Your answer must match, word for word, the lines from the one holding "Maglia Rosa, leader" through the final line below, with pictures excluded.

Dataset extract:
★ ★ ★
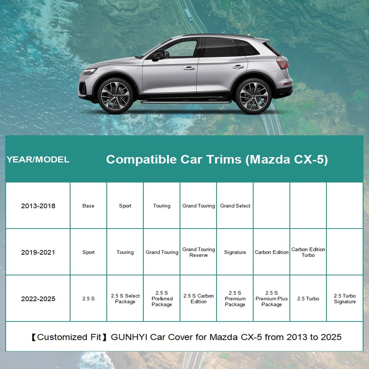- 【Compatible with】This Full Car Cover Custom fit for Mazda CX-5 CX5 from 2012 to 2025. Comes with a microfiber towel that you can use to clean your car, because if there is sand on the surface of the car before use, it may damage the paint.
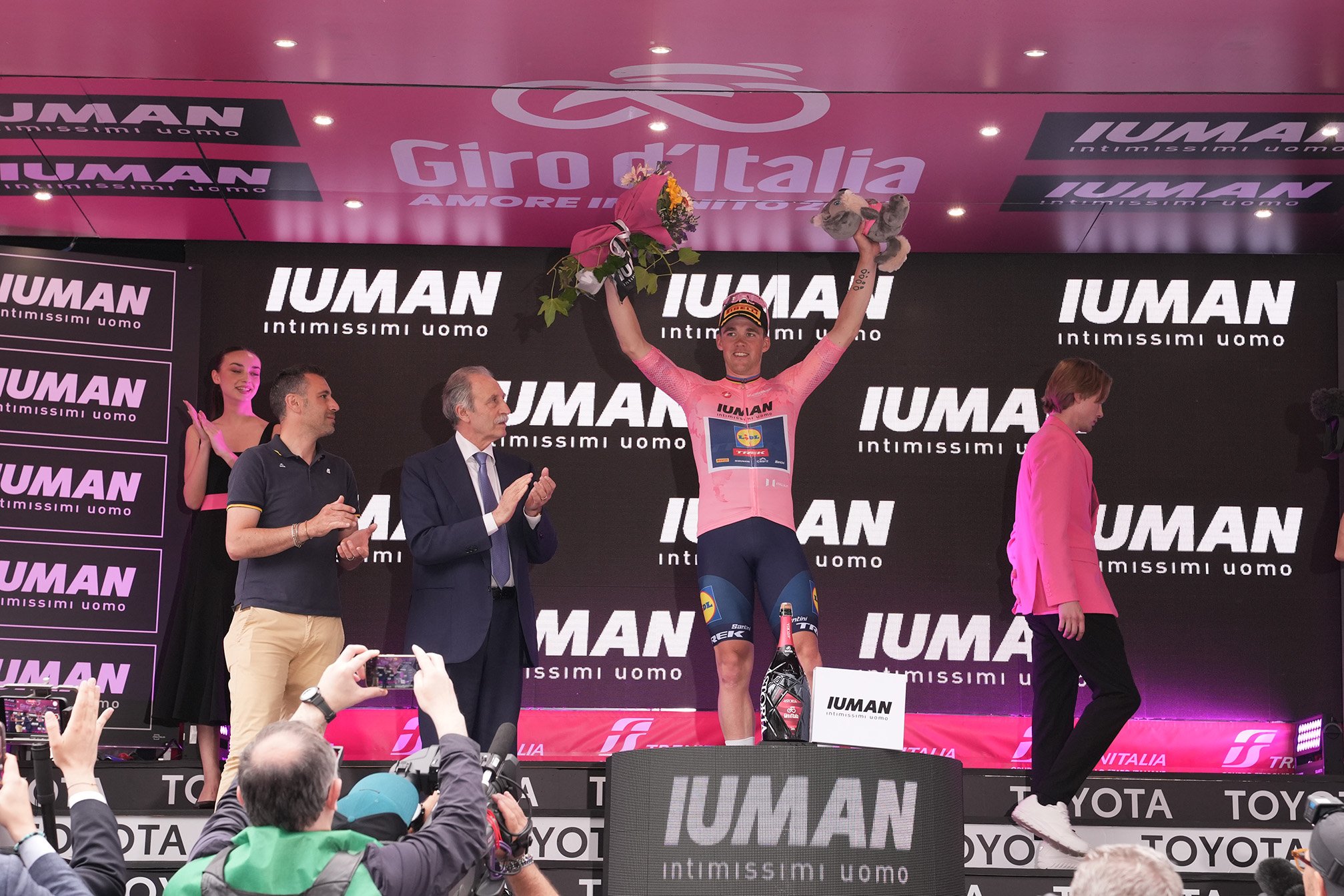 Maglia Rosa, leader della Classifica Generale, sponsorizzata da IUMAN – Intimissimi Uomo – Mads Pedersen (Lidl-Trek)
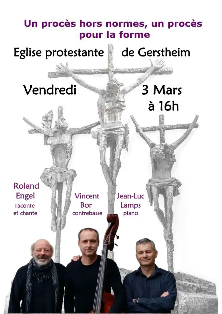 Roland Engel raconte et chante, accompagné au piano par Jean-Luc Lamps et à la contrebasse par Vincent Bor.
★ ★ ★
Exercise response:
 Maglia Rosa, leader della Classifica Generale, sponsorizzata da IUMAN – Intimissimi Uomo – Mads Pedersen (Lidl-Trek)
 Roland Engel raconte et chante, accompagné au piano par Jean-Luc Lamps et à la contrebasse par Vincent Bor.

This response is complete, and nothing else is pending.